А поезд — вот он уже! Машинист по пояс высунулся, фуражку с головы содрал, все зубы наружу: рад до смерти! И орет что-то, разобрать нельзя.

Кто был на переезде, бросились к Ивану:

— Молодец!.. Герой!

— Как фамилия?.. Откуда?

Тащат из кабины, трясут за руки. Тут уж Иван растерялся, красный стал, как помидор, что говорить, что делать — не знает.

Сторож выручил: открыл шлагбаум. Иван — жать на газ.

На той же трассе встретил он по весне девчонку. Вместе с подружками дорогу строила.

Раз пять проезжал мимо них Иван. Остановится побалагурить и дальше. Приметил: все смеются, отвечают на его шутки, одна молчит… «Чего она молчит? О чем думает?»

После, куда бы ни ехал Иван, все старался свернуть на ту дорогу, где работали строители. Видно, запала в сердце девчонка.

Случилось как-то подвезти эту самую тихоню. Спросил:

— Ты всегда такая тихая?

Та глаза свои васильковые ресницами поприкрыла. И еле слышно:

— А что?

— А то, что если всегда, так выходи за меня замуж: мне тихая как раз нужна.

Дрогнули ресницы, снова замерли.

— Ну, чего молчишь? Согласна? Если согласна, так, может, прямо в загс?..

Васильковые глаза взглянули с упреком. Иван смутился.

— Ну ладно, ладно. Не сердись. Только учти: это я не просто так, не шутки ради.

Когда трассу достроили и Ивану как одному из лучших производственников дали в Новосибирске квартиру, он поселился в ней уже с женой и сыном.

Только отпраздновали новоселье — дружок женился, Михаил.

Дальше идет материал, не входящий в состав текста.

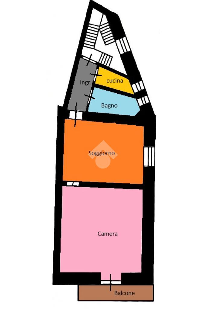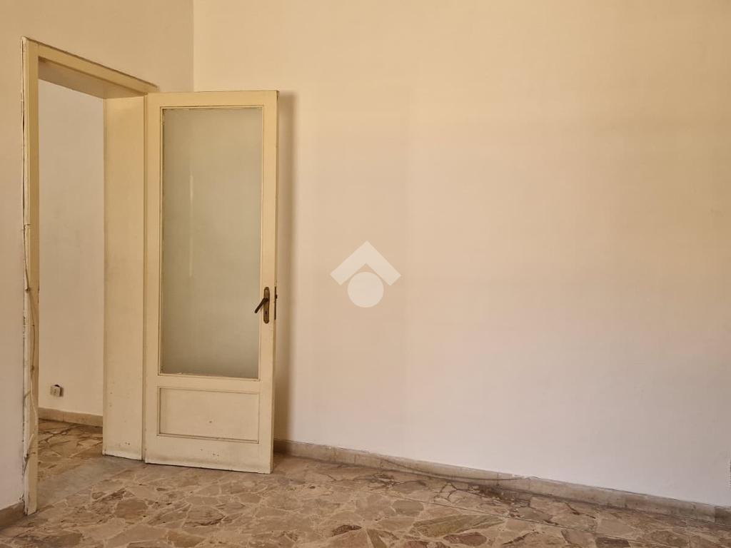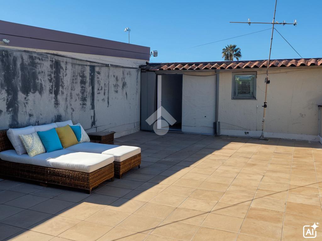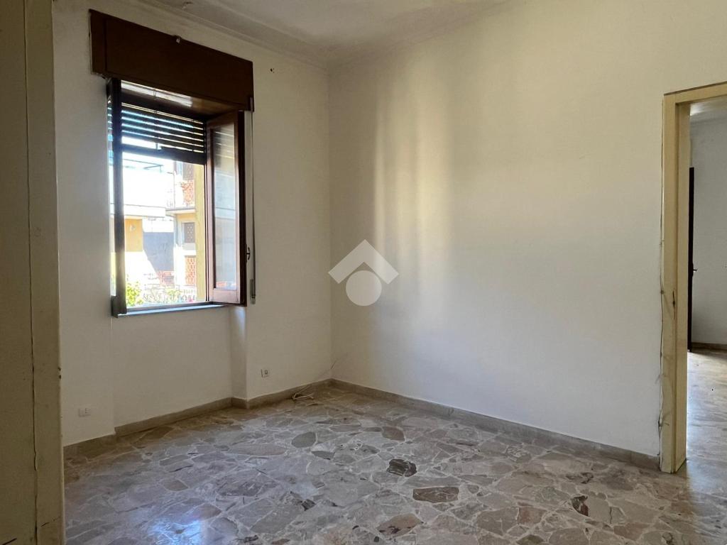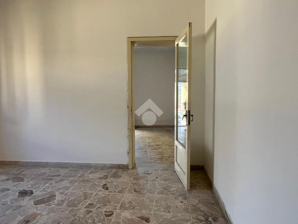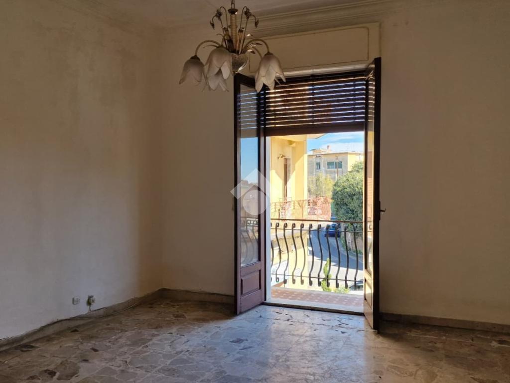 L'immobile: semindipendente al primo piano di un palazzetto edificato nel 1960 con bottega al piano terra. Ingresso con scala interna privata di accesso all'immobile ed al terrazzo sovrastante. L'ingresso è su disimpegno, due i vani in sequenza con angolo cottura ed il bagno a completare gli spazi interni di casa. Da una delle camere si ha uscita sul balcone con affaccio direttamente sulla piazza. Sovrastante la casa, il terrazzo di mq 41 con vista panoramica sull'Etna. Le condizioni son da ristrutturare, da rifare gli impianti elettrico ed idrico, riscaldamento assente ed infissi in legno monovetro. Da rifare il terrazzo sovrastante.
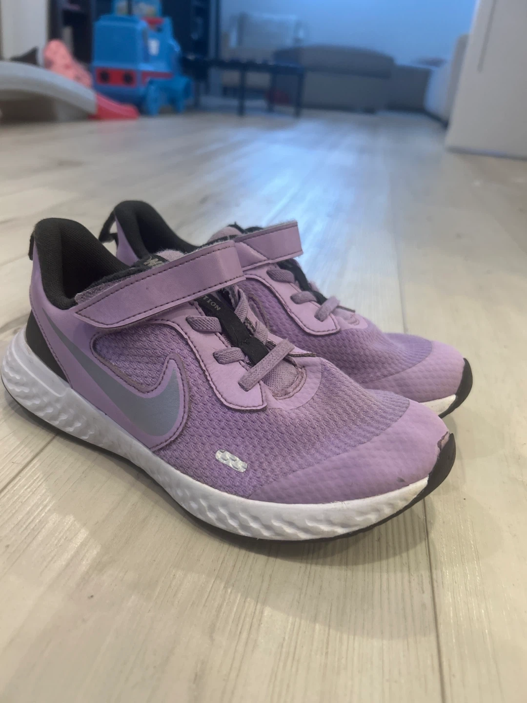 65Selling a pair of Nike Revolution 5 kids' shoes in a lovely lilac colour! They're in great shape and ready for a new home. Size is 2.5Y (US).

Женился, а жить негде.

— Вот что, — сказал ему Иван. — Забирай жену — и ко мне. Места хватит, живи, пока не надоест.

Но тихое житье, оно ведь не про всякого. Вскоре новый, далекий пунктир увлек друзей — трасса «голубого огня» Бухара — Урал. Проводили их жены, всплакнули. Потом соскучились: что это за жизнь? Заперли квартиру, двинулись следом.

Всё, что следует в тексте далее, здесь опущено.